§ What the task requires: Leave out the pictures and output the data verbatim.

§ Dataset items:
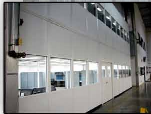
2 STORY OFFICES
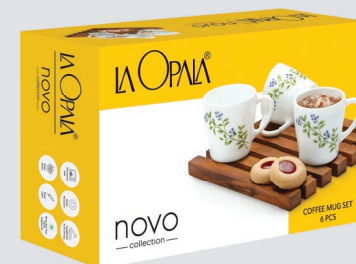
COFFEE MUG SET CLEO 6 PCS
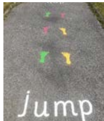
Play equipment and playground markings were provide to entertain children outdoors at the St John of God's Convent
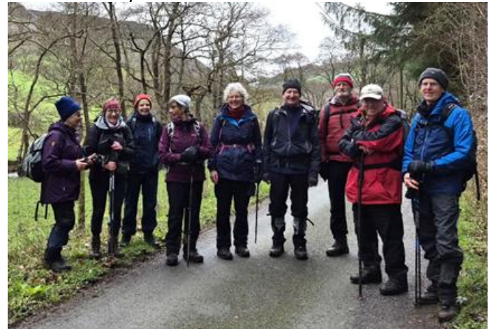
Pausing for a group portrait after reaching a minor road.
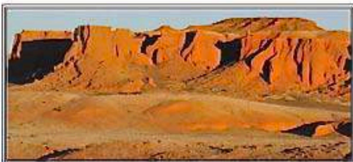
Dinosaur fossils, including the first eggs ever unearthed, were discovered near the Flaming Cliffs.

Only about 3 percent of the Gobi is covered by sand—including the Singing Sands dunes, so named for the peculiar sound made by the winds blowing over the smooth, round grains—the rest is mostly gravel plains and exposed rock. One of the most famous rock formations is the Flaming Cliffs, named by American explorer and paleontologist Roy Chapman Andrews for its vivid red sandstone cliffs. In 1923, Andrews and his team made the world's first discovery of dinosaur eggs here. Since then thousands of bones and footprints have been found in the area, including the remains of a velociraptor; organized tours
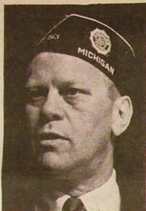
"King Richard's" successor, President GERALD FORD.

"This conference directs the Treaty Council to open negotiations with the government of the United States through its Department of State. We seek these negotiations in order to establish diplomatic relations with the United States... (in order to) deal with U.S. violations of treaties with the Native Indian Nations..."
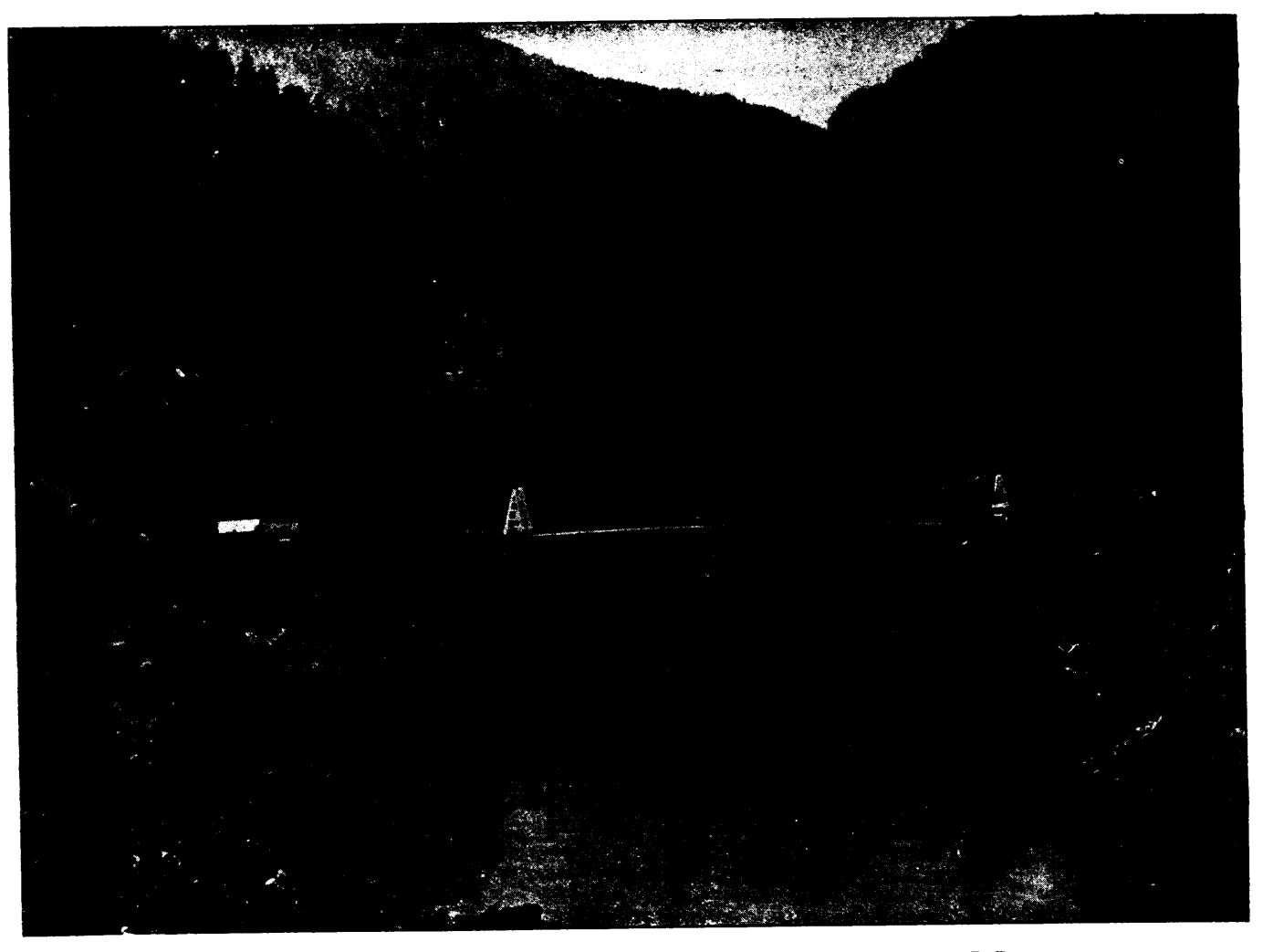
SUSPENSION BRIDGE, NEAR SPUZZUM, FRASER RIVER, B.C.
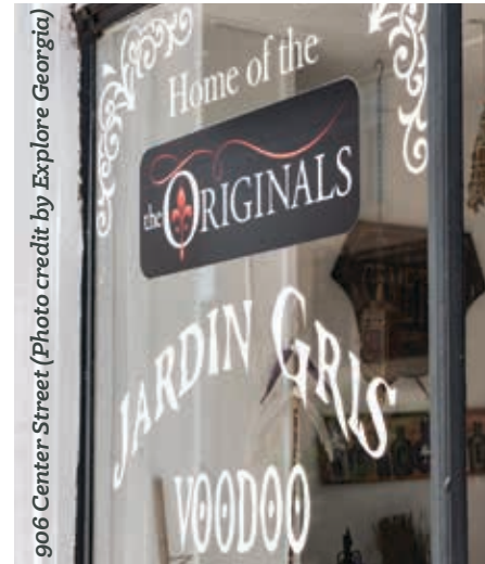
906 Center Street

For a more complete list of filming in Conyers, scan the QR code below:

§ Completed exercise:
2 STORY OFFICES
COFFEE MUG SET CLEO 6 PCS
Play equipment and playground markings were provide to entertain children outdoors at the St John of God's Convent
Pausing for a group portrait after reaching a minor road.
Dinosaur fossils, including the first eggs ever unearthed, were discovered near the Flaming Cliffs.

Only about 3 percent of the Gobi is covered by sand—including the Singing Sands dunes, so named for the peculiar sound made by the winds blowing over the smooth, round grains—the rest is mostly gravel plains and exposed rock. One of the most famous rock formations is the Flaming Cliffs, named by American explorer and paleontologist Roy Chapman Andrews for its vivid red sandstone cliffs. In 1923, Andrews and his team made the world's first discovery of dinosaur eggs here. Since then thousands of bones and footprints have been found in the area, including the remains of a velociraptor; organized tours
"King Richard's" successor, President GERALD FORD.

"This conference directs the Treaty Council to open negotiations with the government of the United States through its Department of State. We seek these negotiations in order to establish diplomatic relations with the United States... (in order to) deal with U.S. violations of treaties with the Native Indian Nations..."
SUSPENSION BRIDGE, NEAR SPUZZUM, FRASER RIVER, B.C.
906 Center Street

For a more complete list of filming in Conyers, scan the QR code below:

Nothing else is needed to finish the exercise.